This is not the first time I've had issues with lightroom CC when traveling. I keep the catalog and the images on a portable hard drive, and when on shoots without internet connection bad things happen. this time the whole develop  module disappeared while off line, and when I got home all the edits I did in the field also went away, including the collections I set up. Also, LR does not recognize the images as duplicates when I upload additional new ones from my camera: it re uploads ALL the images regardless. (no, I do not change the file name on import).
What gives?
Alison


----------



## RobOK (Nov 13, 2017)

Are you talking all LRCC or using Classic at home?


----------



## AlisonTB (Nov 13, 2017)

I have Classic CC, but when traveling and off line, it looses tools.


----------



## Johan Elzenga (Nov 13, 2017)

AlisonTB said:


> I have Classic CC, but when traveling and off line, it looses tools.


Strange story. Lightroom Classic does not loose tools when it's offline. In fact, it only needs to be online once a month to check the validity of your license.

If you are offline too long, then your license will expire, but you will get several warnings before that happens. When you let your license expire nevertheless, the develop and map modules will indeed stop working. That is a known fact. I'm not sure how that looks in practise: They could be dimmed and not selectable, or disappear completely. But edits and collections should not disappear. When you import and have duplicates on the memory card, make sure that the option not to import those is checked at the top right of the import dialog.


----------



## AlisonTB (Nov 13, 2017)

yes I am aware of all that, and yet it still happens. I misspoke, however- it was not the develop module that disappeared it was the develop tools in the Basic exposure area of the Library. Plus the collections and edits I did. Not the first time, either.


----------



## Johan Elzenga (Nov 13, 2017)

Do you perhaps mean the Quick Develop block in the Library module? you can hide that by right-clicking anywhere in the title bar of a block. Perhaps that's what you did...

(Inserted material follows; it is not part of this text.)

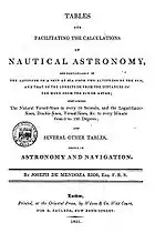 Josef (also José or Joseph) de Mendoza y Ríos (1761–1816) was a Spanish astronomer and mathematician of the 18th century, famous for his work on navigation. The first work of Mendoza y Ríos was published in 1787: his treatise[1] about the science and technique of navigation in two tomes. He also published several tables for facilitating the calculations of nautical astronomy and useful in navigation to calculate the latitude of a ship at sea from two altitudes of the sun, and the longitude from the distances of the moon from a celestial body.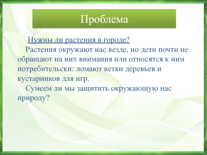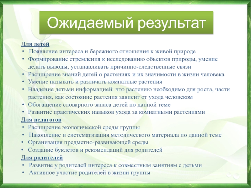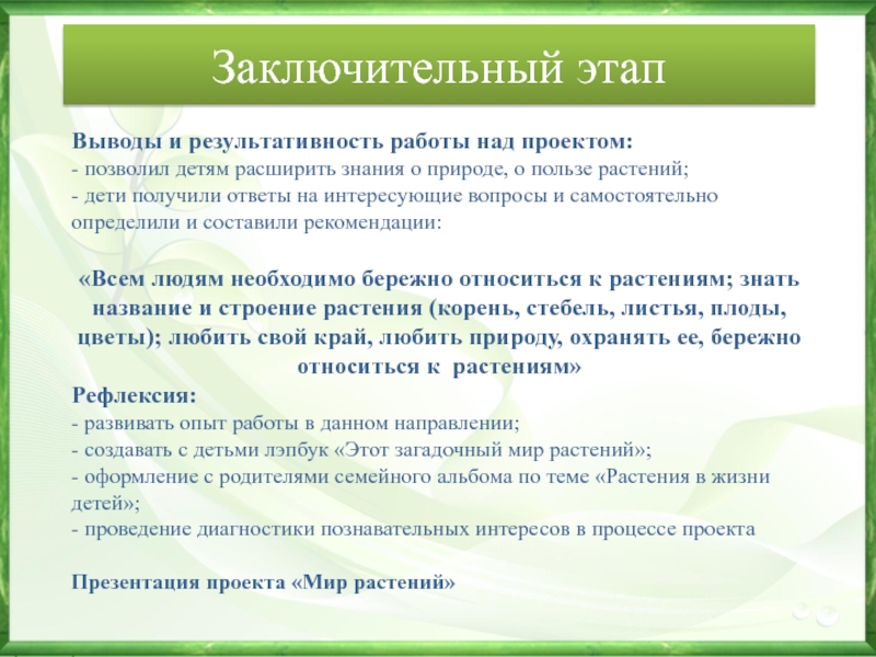 «Всем людям необходимо бережно относиться к растениям; знать название и строение растения (корень, стебель, листья, плоды, цветы); любить свой край, любить природу, охранять ее, бережно относиться к растениям»

And once again: collections and edits don't just disappear, or perhaps you mean the panels were hidden in the same way?...


----------



## Hal P Anderson (Nov 13, 2017)

If the Basic panel has disappeared, Ctrl-click on any of the panel headers on the right side of the Develop module and make sure Basic has a checkmark beside it. The same applies for the Collections panel on the Left side, if that's what you mean.


----------



## Johan Elzenga (Nov 13, 2017)

Or perhaps you mean that you pressed the TAB key and both panels disappeared completely?...


----------



## AlisonTB (Nov 13, 2017)

THANK YOU! I am sloppy with the keyboard... I will watch for it in the future in case thats what happened. Nothing else really makes sense, thank you!


----------